Success Story…BETT Enterprises

For the last five years, Gayla Williams has been proving that she knows what she’s talking about when it comes to commercial painting.

Because of her reputation for quality work, Williams’ company, BETT Enterprises Inc., has grown from three to 21 employees, and gross revenue is expected to top more than $1 million this year. BETT provides a complete line of professional paint finishes for all types of commercial construction.

After working 10 years for a national paint company, Williams was offered the opportunity to serve as a project manager for a large paint contractor in Arkansas. Through this experience she learned all aspects of paint applications, building procedures and the bidding processes.

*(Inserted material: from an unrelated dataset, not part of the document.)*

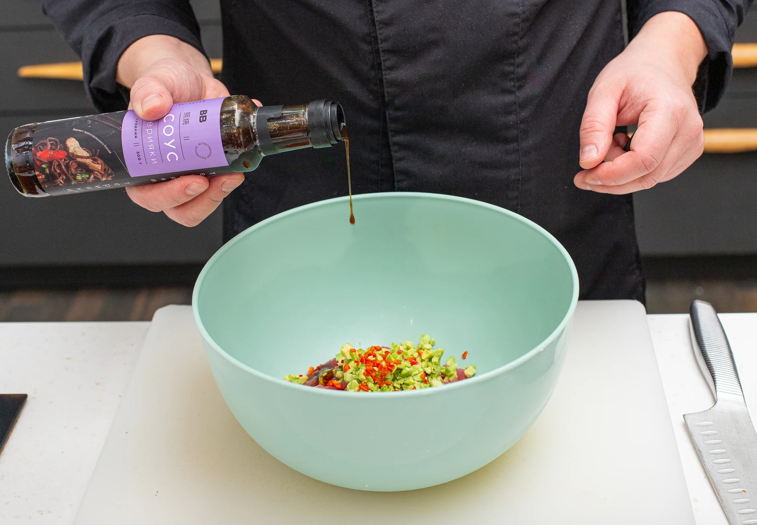 Смешайте тунца с авокадо и добавьте все подготовленные специи, масла и соусы.

When the owner of the company retired and closed up shop, Williams returned to Oklahoma and began researching her opportunities to start her own company in the Tulsa area.

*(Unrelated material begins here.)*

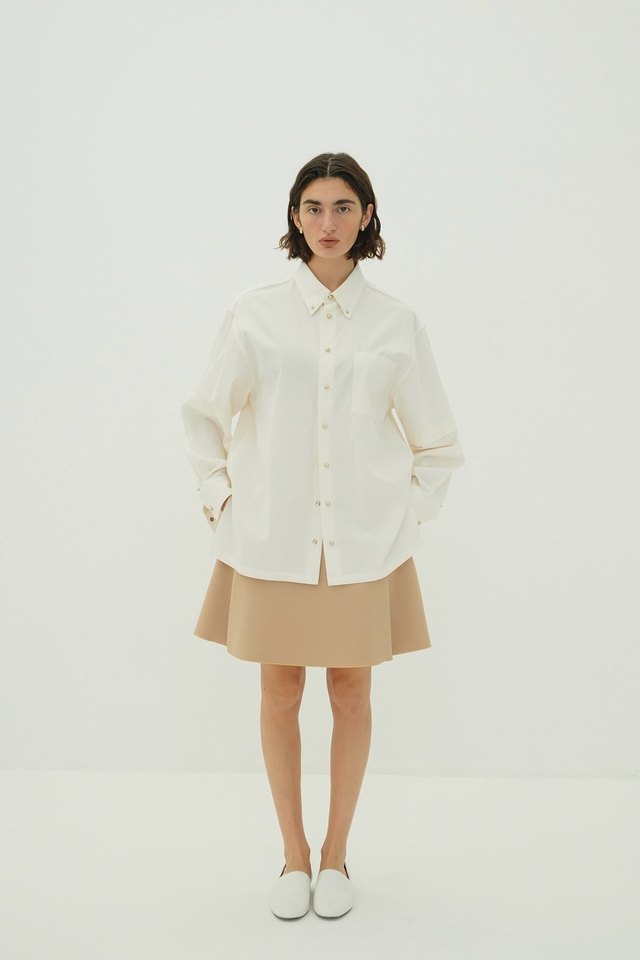 ボタンは上からウエストの位置くらいまで4個配置。ウエスト下はスリットのように開くので、自然と抜け感が出て色々なシルエットのボトムスと合わせやすいデザインです。

Williams had developed many contacts among painting contractors, and she began to pick up small contracts from their overflow. Although work was slow, she began to build a strong foundation for a reputation of quality work. As work picked up, she began receiving requests from general contractors to bid their jobs.

However, growth proved to be an unexpected obstacle. As she began to grow, she realized she needed more capital to finance projects until payment for the work came in. That’s when she contacted the U.S. Small Business Administration for help.

“And, as they say, the rest is history,” Williams said. “Beginning my third year in business, it became evident that I needed some financial help and guidance,” Williams said. She met with John Blue, Director of the Oklahoma Small Business Development Center in Broken Arrow. “Through John’s tutelage and assistance with the loan application, I was able to take advantage of a growing market and a growing business. Since that initial contact with him and with SBA’s loan assistance, my business has grown 10 times over!” Williams said.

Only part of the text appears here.